*Exercise goal:* Take the lines below between the one holding "Dos jóvenes acusados" and the one holding "在北海市,滴滴出行联合当地警", inclusive, and copy them exactly. Add nothing.

*Excerpted records:*
◇ ◇ ◇ ◇ ◇ ◇ ◇

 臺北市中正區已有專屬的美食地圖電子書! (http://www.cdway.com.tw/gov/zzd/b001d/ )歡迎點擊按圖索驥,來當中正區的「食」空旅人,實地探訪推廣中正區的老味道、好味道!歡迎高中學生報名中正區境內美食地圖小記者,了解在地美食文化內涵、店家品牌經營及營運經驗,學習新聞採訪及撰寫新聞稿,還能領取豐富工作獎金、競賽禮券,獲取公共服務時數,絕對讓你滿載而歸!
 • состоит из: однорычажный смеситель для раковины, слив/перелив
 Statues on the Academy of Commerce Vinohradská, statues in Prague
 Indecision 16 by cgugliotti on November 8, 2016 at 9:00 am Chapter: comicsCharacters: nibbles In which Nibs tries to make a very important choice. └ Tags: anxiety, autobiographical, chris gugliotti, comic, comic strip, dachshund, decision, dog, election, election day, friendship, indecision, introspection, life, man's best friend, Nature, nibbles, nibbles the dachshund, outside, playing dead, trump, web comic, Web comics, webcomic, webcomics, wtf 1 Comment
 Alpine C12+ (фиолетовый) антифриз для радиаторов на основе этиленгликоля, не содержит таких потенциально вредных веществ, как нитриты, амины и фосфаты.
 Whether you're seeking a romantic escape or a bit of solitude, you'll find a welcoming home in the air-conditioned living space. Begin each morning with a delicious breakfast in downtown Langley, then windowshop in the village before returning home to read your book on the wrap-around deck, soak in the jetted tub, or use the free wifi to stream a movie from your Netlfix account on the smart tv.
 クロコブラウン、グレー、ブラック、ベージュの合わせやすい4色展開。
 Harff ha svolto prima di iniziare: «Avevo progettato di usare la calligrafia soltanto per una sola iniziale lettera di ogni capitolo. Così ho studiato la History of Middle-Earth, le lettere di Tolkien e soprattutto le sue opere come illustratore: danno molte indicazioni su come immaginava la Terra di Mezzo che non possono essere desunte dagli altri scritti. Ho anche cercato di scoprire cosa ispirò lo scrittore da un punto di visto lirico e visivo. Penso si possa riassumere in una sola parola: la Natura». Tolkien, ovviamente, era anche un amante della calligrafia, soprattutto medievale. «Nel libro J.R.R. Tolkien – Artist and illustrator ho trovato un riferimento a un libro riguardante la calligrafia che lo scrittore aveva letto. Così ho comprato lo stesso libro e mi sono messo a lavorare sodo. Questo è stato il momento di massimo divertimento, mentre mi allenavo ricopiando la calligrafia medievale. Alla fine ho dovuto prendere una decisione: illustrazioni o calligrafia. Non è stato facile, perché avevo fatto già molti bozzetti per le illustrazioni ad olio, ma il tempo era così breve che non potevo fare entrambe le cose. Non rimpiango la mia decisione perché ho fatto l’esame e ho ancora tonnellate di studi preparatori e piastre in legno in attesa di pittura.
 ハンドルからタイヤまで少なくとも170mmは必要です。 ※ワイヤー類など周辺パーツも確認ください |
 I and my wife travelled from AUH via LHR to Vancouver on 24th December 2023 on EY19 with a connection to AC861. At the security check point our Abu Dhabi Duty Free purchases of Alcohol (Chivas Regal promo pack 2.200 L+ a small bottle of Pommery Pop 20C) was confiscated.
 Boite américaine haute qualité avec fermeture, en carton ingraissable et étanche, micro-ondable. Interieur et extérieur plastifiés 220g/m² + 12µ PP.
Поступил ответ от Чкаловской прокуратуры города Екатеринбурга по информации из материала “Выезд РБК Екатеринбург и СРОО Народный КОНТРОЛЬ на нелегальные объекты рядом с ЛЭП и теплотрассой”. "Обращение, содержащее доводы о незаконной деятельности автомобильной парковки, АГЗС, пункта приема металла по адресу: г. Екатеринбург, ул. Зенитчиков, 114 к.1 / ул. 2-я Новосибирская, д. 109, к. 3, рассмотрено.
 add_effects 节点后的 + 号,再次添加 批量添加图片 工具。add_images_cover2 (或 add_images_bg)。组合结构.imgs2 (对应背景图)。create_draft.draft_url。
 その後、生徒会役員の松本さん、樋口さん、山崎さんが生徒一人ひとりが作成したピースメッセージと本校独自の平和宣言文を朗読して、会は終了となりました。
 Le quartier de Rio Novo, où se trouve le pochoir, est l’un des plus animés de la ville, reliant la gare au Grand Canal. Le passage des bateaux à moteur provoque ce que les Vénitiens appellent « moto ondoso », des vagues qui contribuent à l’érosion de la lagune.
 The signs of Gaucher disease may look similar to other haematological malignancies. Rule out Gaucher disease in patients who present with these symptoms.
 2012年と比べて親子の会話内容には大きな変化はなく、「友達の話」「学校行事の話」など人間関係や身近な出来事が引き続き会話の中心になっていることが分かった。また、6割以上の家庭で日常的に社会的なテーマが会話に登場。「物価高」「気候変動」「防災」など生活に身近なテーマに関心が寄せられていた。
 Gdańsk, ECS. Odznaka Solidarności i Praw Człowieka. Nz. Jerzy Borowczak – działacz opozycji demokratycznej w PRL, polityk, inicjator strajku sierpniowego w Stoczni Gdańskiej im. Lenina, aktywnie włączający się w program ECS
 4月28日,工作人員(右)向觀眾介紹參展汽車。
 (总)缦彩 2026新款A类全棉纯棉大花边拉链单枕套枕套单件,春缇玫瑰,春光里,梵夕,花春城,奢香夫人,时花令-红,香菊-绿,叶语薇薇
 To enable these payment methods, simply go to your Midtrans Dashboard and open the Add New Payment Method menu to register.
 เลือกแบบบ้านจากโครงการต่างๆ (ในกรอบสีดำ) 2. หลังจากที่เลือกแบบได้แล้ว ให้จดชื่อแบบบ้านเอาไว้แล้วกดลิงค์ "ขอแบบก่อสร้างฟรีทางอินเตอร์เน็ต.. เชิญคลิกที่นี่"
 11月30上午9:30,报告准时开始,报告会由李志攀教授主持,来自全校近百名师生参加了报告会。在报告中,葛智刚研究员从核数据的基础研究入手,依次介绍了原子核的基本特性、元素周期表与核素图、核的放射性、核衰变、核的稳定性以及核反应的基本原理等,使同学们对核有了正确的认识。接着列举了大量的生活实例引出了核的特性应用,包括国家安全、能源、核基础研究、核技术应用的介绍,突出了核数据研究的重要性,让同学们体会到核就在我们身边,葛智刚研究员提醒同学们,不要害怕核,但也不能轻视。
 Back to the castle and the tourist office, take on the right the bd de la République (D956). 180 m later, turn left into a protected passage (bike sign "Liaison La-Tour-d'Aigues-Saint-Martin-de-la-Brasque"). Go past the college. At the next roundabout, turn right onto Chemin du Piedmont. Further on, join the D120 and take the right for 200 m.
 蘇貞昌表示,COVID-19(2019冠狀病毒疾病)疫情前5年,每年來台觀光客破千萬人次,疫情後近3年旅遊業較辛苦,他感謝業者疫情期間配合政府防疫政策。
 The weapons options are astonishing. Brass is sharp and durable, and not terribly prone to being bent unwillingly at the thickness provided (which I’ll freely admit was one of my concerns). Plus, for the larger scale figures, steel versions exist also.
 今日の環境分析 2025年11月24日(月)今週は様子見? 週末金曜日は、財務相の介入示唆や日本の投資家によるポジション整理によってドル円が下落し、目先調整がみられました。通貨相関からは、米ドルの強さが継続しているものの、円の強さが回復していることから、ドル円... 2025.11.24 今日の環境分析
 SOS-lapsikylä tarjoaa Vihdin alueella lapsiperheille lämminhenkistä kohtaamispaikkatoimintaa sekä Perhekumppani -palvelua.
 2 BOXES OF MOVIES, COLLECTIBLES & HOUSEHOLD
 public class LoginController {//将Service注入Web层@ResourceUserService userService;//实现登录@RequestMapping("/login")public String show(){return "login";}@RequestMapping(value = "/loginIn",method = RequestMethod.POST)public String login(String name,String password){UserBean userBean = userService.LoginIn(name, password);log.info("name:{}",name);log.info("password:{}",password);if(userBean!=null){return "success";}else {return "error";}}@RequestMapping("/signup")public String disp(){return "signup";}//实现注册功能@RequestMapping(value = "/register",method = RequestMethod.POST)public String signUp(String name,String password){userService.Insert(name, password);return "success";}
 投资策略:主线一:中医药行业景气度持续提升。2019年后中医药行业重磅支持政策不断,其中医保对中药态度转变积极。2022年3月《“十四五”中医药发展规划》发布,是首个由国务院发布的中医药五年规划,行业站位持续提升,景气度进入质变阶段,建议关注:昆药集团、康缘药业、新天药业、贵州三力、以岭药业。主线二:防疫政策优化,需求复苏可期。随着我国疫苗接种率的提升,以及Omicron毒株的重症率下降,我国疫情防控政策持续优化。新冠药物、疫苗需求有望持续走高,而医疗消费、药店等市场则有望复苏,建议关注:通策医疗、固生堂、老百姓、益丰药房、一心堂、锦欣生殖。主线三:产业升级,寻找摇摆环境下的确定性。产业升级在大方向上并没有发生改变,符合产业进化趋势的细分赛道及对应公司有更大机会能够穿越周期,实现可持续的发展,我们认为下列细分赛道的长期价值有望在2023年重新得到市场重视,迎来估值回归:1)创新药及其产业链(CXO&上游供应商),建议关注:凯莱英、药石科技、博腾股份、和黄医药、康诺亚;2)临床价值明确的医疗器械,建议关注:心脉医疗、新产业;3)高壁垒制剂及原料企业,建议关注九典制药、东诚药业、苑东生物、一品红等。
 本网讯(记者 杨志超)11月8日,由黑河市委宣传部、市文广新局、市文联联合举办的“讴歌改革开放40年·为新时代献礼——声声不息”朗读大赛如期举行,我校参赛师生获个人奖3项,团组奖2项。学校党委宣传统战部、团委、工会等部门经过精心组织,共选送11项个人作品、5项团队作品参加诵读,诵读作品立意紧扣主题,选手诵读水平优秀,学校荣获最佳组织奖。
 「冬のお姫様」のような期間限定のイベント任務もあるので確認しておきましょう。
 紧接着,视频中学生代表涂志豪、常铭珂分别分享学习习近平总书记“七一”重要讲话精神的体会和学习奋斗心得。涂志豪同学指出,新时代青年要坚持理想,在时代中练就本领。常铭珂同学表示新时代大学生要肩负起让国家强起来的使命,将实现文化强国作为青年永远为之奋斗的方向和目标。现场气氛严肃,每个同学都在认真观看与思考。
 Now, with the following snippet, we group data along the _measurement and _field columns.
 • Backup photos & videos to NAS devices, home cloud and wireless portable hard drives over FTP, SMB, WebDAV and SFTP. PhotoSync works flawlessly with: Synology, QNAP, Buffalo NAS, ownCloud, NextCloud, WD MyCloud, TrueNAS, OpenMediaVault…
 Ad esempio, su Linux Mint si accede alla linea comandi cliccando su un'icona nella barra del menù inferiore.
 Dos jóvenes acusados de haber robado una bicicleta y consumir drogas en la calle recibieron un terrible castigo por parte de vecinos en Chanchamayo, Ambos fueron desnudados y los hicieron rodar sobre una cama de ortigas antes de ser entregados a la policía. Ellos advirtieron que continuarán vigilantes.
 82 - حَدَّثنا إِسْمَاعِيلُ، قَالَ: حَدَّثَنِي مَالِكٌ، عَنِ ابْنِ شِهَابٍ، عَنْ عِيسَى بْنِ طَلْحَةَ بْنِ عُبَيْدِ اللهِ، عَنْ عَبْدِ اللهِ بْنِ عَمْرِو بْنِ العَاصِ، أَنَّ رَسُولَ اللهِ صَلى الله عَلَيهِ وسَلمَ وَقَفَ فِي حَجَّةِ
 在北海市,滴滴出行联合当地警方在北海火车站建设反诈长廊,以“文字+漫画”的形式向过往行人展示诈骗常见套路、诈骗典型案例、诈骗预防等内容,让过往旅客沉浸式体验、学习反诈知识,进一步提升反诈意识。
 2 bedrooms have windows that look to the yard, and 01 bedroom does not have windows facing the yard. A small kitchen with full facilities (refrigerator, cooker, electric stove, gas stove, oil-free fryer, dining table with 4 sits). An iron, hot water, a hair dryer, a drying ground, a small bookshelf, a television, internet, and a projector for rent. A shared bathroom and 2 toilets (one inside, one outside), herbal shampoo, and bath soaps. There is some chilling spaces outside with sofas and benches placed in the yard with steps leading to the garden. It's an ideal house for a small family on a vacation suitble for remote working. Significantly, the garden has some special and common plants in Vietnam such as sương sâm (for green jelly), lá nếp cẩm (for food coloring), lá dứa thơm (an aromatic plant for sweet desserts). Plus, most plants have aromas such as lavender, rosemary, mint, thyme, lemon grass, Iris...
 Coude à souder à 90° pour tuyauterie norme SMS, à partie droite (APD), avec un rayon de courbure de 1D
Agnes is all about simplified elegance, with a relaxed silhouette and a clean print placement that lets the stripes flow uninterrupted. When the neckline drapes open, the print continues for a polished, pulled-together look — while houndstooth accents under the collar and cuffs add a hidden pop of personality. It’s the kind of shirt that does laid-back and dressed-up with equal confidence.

◇ ◇ ◇ ◇ ◇ ◇ ◇

*Task output:*
 Dos jóvenes acusados de haber robado una bicicleta y consumir drogas en la calle recibieron un terrible castigo por parte de vecinos en Chanchamayo, Ambos fueron desnudados y los hicieron rodar sobre una cama de ortigas antes de ser entregados a la policía. Ellos advirtieron que continuarán vigilantes.
 82 - حَدَّثنا إِسْمَاعِيلُ، قَالَ: حَدَّثَنِي مَالِكٌ، عَنِ ابْنِ شِهَابٍ، عَنْ عِيسَى بْنِ طَلْحَةَ بْنِ عُبَيْدِ اللهِ، عَنْ عَبْدِ اللهِ بْنِ عَمْرِو بْنِ العَاصِ، أَنَّ رَسُولَ اللهِ صَلى الله عَلَيهِ وسَلمَ وَقَفَ فِي حَجَّةِ
 在北海市,滴滴出行联合当地警方在北海火车站建设反诈长廊,以“文字+漫画”的形式向过往行人展示诈骗常见套路、诈骗典型案例、诈骗预防等内容,让过往旅客沉浸式体验、学习反诈知识,进一步提升反诈意识。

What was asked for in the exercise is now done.